I don't really understand why the relative number of D&Ders (as opposed to the absolute) matters.
When asking is the current work that is costing more to make these days worth the same as the past you have to look at your bottom line.
That bottom line includes the percentage of people playing. Now you can claim superiority of % of RPG gamers that buy D&D v other games, is one way to look at it, but actual popularity of the game itself must be based on all consumers.
So if 10% of the people played D&D in the 80's and only 3% of all the consumers that exist now play D&D, then something could correlate.
You have to look at that and see if it is your product, or the people.
Is your new product not doing as well because of problems with the product being something that consumes dont want.
You cannot make a blanket statement that more copies have sold this decade of a new game compared to a past decade, and leave out the fact the population has grown 10-fold in that time.

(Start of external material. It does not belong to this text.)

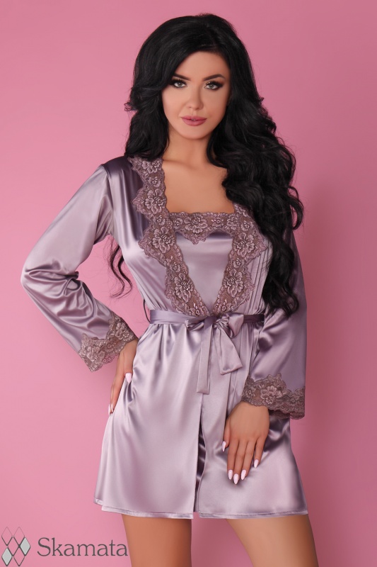 Элегантный комплект из искусственного шёлка, сорочка на тонких бретелях, пеньюар и трусики.

It is lying to people. What marketing departments and firms are made for.
But the accountants can tell the truth by checking past ledgers combined with the censuses taken of people in the country or world.
If you only want to know if you are selling more copies, then you can be blinded by the other information and look at the data with blinders on.
If you want to know how well your new product is doing compared to an old version of it (see Coke Classic/New Coke) then you must look at the entire consumer base to tell if the percentage of people is equal to a state in the past to see if you are doing as well as then.
I think it is NOT doing as well as it was then. That is also a job of marketing, but a hidden part not shown to the public as the public is only offered the advertising section of the marketing department in order to sale more product. This is for all companies.
So why should the consumer or gamers care? They don't have to, but some do.
So it is interesting for them to look at all the numbers to compare the "hype" vs reality.